Terra Nova was named the 15th best computer game ever by PC Gamer UK in 1997. The editors called it "exactly the kind of dynamic, risk-taking, intelligent game we've been asking for". In 2000, Computer Games Strategy Plus named it one of the "10 Best Sci-Fi Simulations" of all time.

Review scores
| Publication | Score |
|---|---|
| Computer Gaming World | 4/5 |
| Edge | 9/10 |
| Next Generation | 4/5 |
| PC Gamer (UK) | 91% |
| PC Zone | 9.0 |
| Computer Games Strategy Plus | 4/5 |
| PC Magazine | 4/4 |
| Maximum | 4/5 |
| PC Games | B+ |

Awards
| Publication | Award |
|---|---|
| PC Gamer UK | Game of the Month |
| Computer Games Strategy Plus | Best Science-fiction Simulation |
| PC Games | Game of the Month |

===Legacy===
The New York Times has cited Terra Nova as one of the first 3D games with squad-oriented gameplay. GameSpys Bill Hiles said that the game "preceded the 'tactical squad-based, first-person shooter' action genre by a full two years", and that "In 1996, ...Terra Nova didn't feel like any other game out there". Hiles called Tribes 2 "a spiritual descendent of Terra Nova if there ever was one". Project leader Dan Schmidt later said that he had "a bit of a negative experience overall because the thing dragged on forever", but he noted that "there are people who regard it highly so it can't have been that terrible". The 1998 video game Jurassic Park: Trespasser features a procedural animation system very similar to the one used in Terra Nova.

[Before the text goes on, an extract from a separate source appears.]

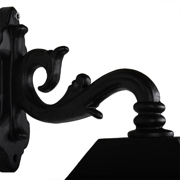 Armen og lanternen er lavet af solidt håndstøbt aluminium, hvilket gør denne udendørslampe nem at montere på væggen. Facadelampen er pulverlakeret to gange for at opnå den bedste beskyttelse, med en mat sort struktureret farve, som giver en gammeldags autentisk fornemmelse. Denne klassiske lampe er populær, fordi materialet ikke ruster, og den er så vedligeholdelsesfri, en væglampe i generationer. Denne klassiske udendørs væglampe er smuk mange steder, f.eks. over døre, ved siden af dørene ved indgangen eller på husets facade.
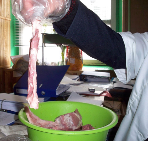 Ant vakuuminės pakuotės buvo užrašyta, jog tai kiaulienos raumens nuopjovos, tačiau, atidarius pakuotę, net ir vizualiai buvo matoma, kad mėsa yra nekokybiška – tarp kelių gabalų raumens matėsi nemažai atraižų su taukais, pakuotėje rastas ir nemažas gabalas lašinių. Ši mėsa buvo malama ir naudojama „Naminių kotletų“ gamybai.

While Schmidt said before the game's release that the team wanted to develop "a whole series of games that take place in the Terra Nova world", the game's poor sales made the creation of a sequel "impractical", according to Paul Neurath. As the game's publisher, Looking Glass took on the full burden of its commercial underperformance, which contributed to the company's bankruptcy and closure in May 2000. Neurath later said, "If we could do Terra Nova over, I would have dumped the cinematics and done online team play instead. Who knows, maybe then the Tribes II and Halo teams would be talking about the influence of Terra Nova on their games".